> **What needs to be done**
Restate word for word the entries below, starting at the line with "除靓丽外表为城市添加了靓丽风" and ending at the line with "[서울=뉴시스] 조수정 기자". Keep both end lines and omit the pictures.

> **Input records**

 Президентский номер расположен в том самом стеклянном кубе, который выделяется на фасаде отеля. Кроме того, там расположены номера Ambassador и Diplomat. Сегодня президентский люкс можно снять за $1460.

* * *

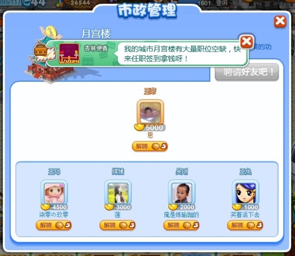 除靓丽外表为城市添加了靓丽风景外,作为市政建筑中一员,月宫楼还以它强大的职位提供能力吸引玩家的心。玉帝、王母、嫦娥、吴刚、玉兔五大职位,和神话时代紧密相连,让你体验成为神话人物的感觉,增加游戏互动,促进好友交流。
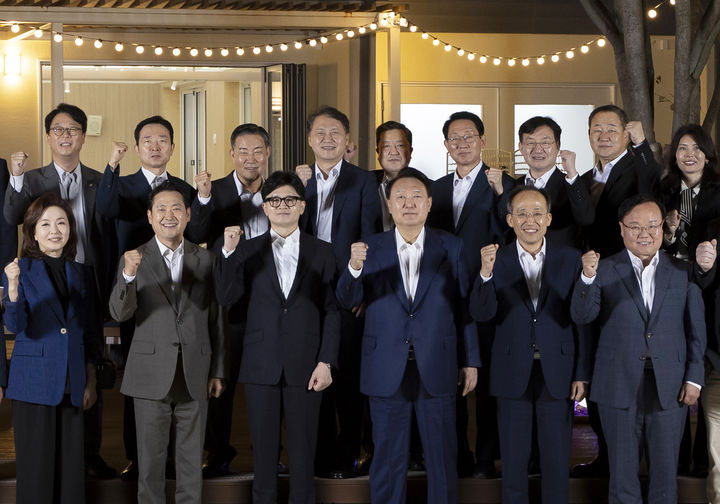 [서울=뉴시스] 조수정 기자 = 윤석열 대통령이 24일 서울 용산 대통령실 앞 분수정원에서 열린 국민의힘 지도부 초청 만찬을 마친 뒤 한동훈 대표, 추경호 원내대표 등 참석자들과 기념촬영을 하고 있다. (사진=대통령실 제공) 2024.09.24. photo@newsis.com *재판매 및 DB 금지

==

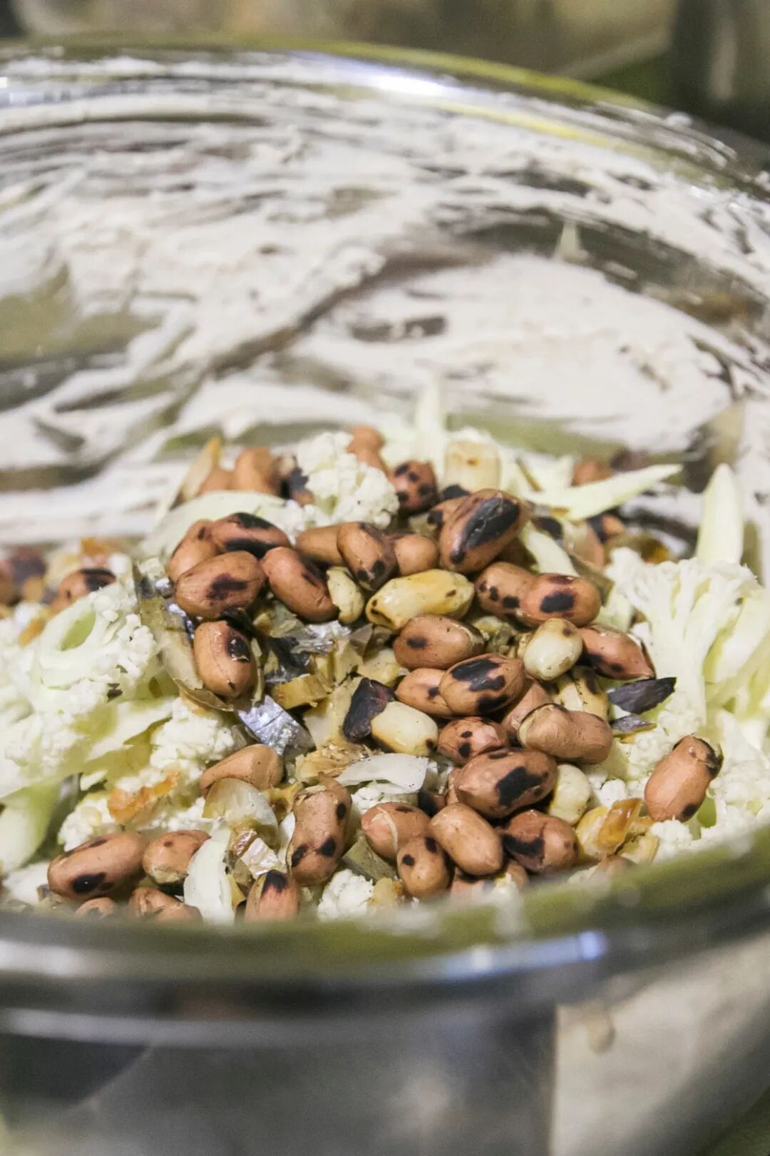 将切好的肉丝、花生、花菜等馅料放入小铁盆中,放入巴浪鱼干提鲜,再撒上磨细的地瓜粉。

> **Response to the task**
 除靓丽外表为城市添加了靓丽风景外,作为市政建筑中一员,月宫楼还以它强大的职位提供能力吸引玩家的心。玉帝、王母、嫦娥、吴刚、玉兔五大职位,和神话时代紧密相连,让你体验成为神话人物的感觉,增加游戏互动,促进好友交流。
 [서울=뉴시스] 조수정 기자 = 윤석열 대통령이 24일 서울 용산 대통령실 앞 분수정원에서 열린 국민의힘 지도부 초청 만찬을 마친 뒤 한동훈 대표, 추경호 원내대표 등 참석자들과 기념촬영을 하고 있다. (사진=대통령실 제공) 2024.09.24. photo@newsis.com *재판매 및 DB 금지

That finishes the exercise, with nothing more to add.